On May 12 and 13, the next installment in the Beethoven and American Masters Festival will be live at the Kennedy Center. Be sure and read Nicole Lacroix’s articles about the series in our blog and in the May issue of WETA Magazine.
This concert will feature Ludwig van Beethoven’s Eighth and Seventh Symphonies and George Walker’s Sinfonia No. 5, “Visions”.
Beethoven’s Symphony No. 7 in A major, Op. 92 (memorably dubbed “the apotheosis of the dance” by Richard Wagner) and his Symphony No. 8 in F major, Op. 93 were both completed in 1812. Interestingly, neither symphony has a slow movement; even the elegiac second movement of the Seventh Symphony is marked “allegretto” (though a tradition of conductors defying the composer and taking it slowly persisted for generations). They could be said to be the last symphonies of Beethoven’s “middle period”.

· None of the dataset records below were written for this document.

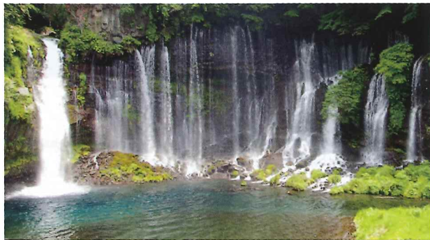
Shiraito no Taki Waterfalls (aerial view)

富士讲的人们攀登富士山，并遍历与开山祖师角行有渊源的湖泊、洞穴以及瀑布等。这些地方都是世界遗产的构成资产。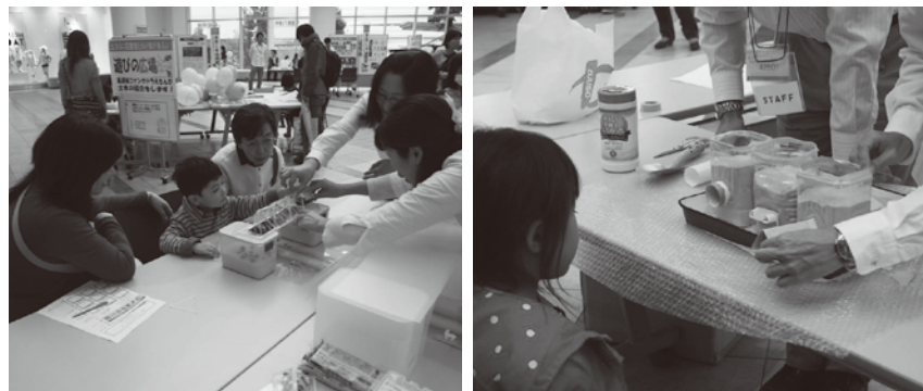
体験広場 “丈夫な橋の作りかた”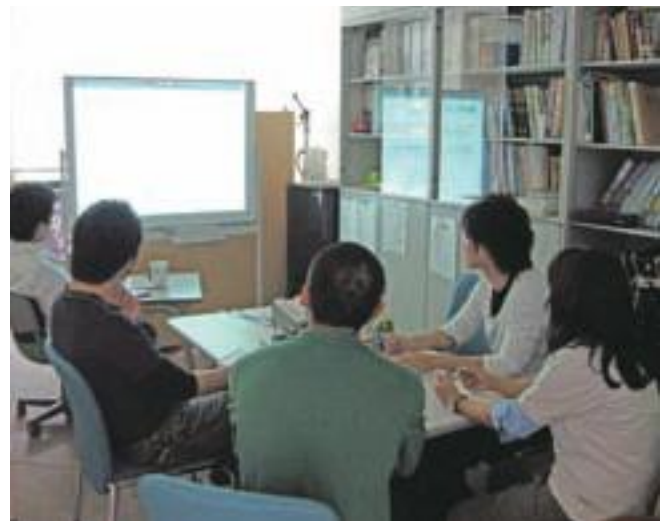
毎週行っているゼミの研究報告会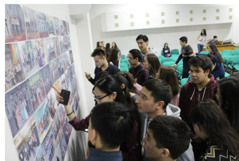
"Балауса" газетінің тілшілері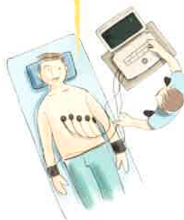
安静時の心電図をとります。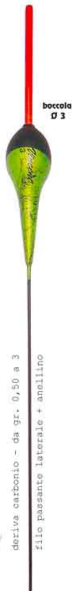
Tigre Art. 602

deriva carbonio - da gr. 0,50 a 3 filo passante laterale + anellino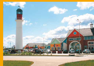
FASHION HOUSE Аутлет Центр Гданьск www.FashionHouse.pl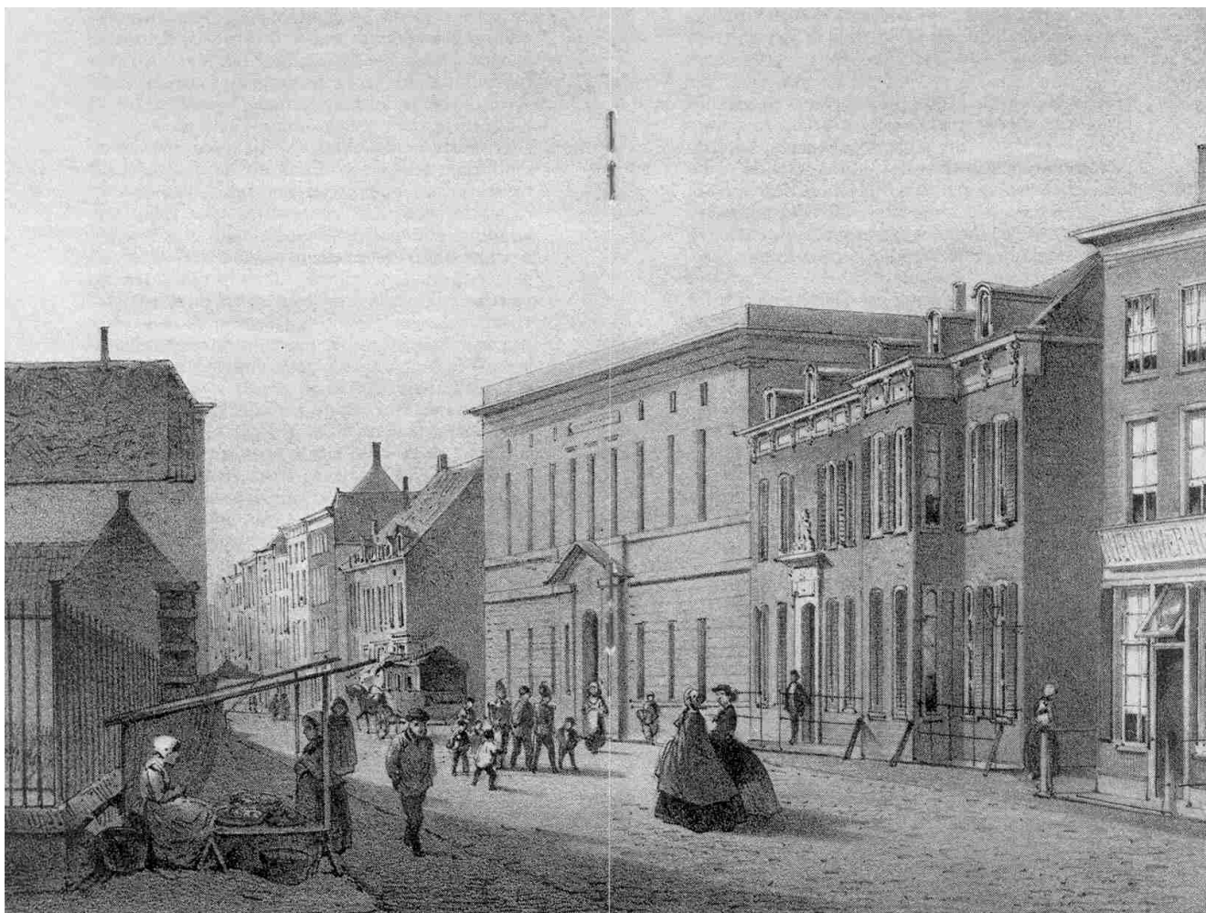
Uit: Album 's-Hertogenbosch in 1860

Geheel in het kader van deze ontwikkeling van het confessionele bibliotheekwezen werd in 1915 in onze stad opgericht de Vereniging "Openbare Leeszaal en Boekerij te Den Bosch", een vereniging die geheel stelde op katholieke beginselen.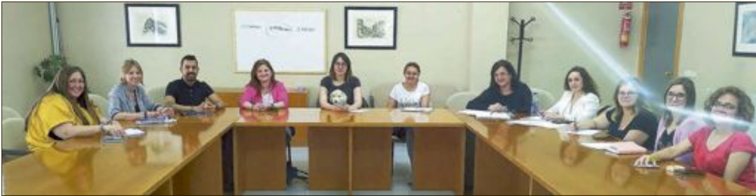
El Centro Ocupacional San Pascual y las asociaciones Upapsa, Adibi, Cocemfe, Afem, Babilón, Somriu y Somriures están trabajando de la mano del Ayuntamiento (áreas de Servicios Sociales y Empleo) para dar forma al proyecto Ibi Integra, que busca dar visibilidad a la gran cantidad de oportunidades que la contratación de personas con diversidad funcional puede ofrecer a las empresas

La multinacional italiana Giochi Preziosi compra la empresa Famosa, nacida en Onil en 1957

American composer George Walker (1922-2018) was the topic of a Classical Breakdown episode last season in conversation with Walker’s longtime friend, Dr. Mickey Terry. Walker composed five single-movement works that he entitled “Sinfonia”; the last of these, the Sinfonia No. 5, is entitled “Visions” and was completed in 2016. It is the composer’s response to the abomination that occurred at “Mother Emanuel” AME Church in Charleston, South Carolina when nine people old and young lost their lives to a gunman who, days before his monstrous crime, had posed on social media waving a Confederate flag. The “Visions” Sinfonia is Walker’s last completed composition. Its first performance was for a recording on the Albany Records label by Sinfonia Varsovia conducted by Ian Hobson.
The score includes rhythmic speaking parts (the composer specified that the work can be performed with or without these) that are a veiled evocation of the port of Charleston and the agonies of enslavement, such as in phrases like
The sun sets deep into the sea
And ships glide stealthily
or this utterance, heard in the Sinfonia’s final minutes:
I see the harbors and the ports where men enslaved
Were beaten, chained, auctioned and bought.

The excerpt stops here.